PROVIDED INFORMATION
Content starts

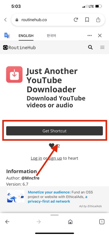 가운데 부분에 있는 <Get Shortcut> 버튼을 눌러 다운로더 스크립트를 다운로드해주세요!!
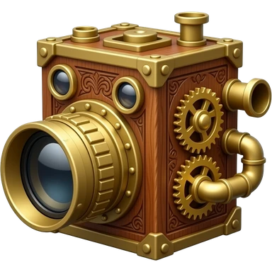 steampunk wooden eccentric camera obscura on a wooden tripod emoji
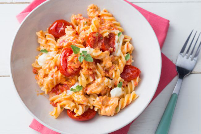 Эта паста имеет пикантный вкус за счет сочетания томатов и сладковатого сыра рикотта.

Content ends
Content starts

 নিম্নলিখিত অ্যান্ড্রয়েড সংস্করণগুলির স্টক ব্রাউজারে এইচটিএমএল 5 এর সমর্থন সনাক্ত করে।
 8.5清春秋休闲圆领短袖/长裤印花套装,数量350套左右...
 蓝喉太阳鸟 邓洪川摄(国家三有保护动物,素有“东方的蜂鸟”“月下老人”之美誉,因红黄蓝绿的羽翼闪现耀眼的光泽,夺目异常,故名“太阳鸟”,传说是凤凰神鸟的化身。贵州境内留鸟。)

Content ends

YOUR GOAL
Once the line with "নিম্নলিখিত অ্যান্ড্রয়েড সংস্করণগুলির" is found in the records above, print exactly that line and every line after it through the line with "蓝喉太阳鸟 邓洪川摄(国家三".

SOLUTION TO THIS EXERCISE
 নিম্নলিখিত অ্যান্ড্রয়েড সংস্করণগুলির স্টক ব্রাউজারে এইচটিএমএল 5 এর সমর্থন সনাক্ত করে।
 8.5清春秋休闲圆领短袖/长裤印花套装,数量350套左右...
 蓝喉太阳鸟 邓洪川摄(国家三有保护动物,素有“东方的蜂鸟”“月下老人”之美誉,因红黄蓝绿的羽翼闪现耀眼的光泽,夺目异常,故名“太阳鸟”,传说是凤凰神鸟的化身。贵州境内留鸟。)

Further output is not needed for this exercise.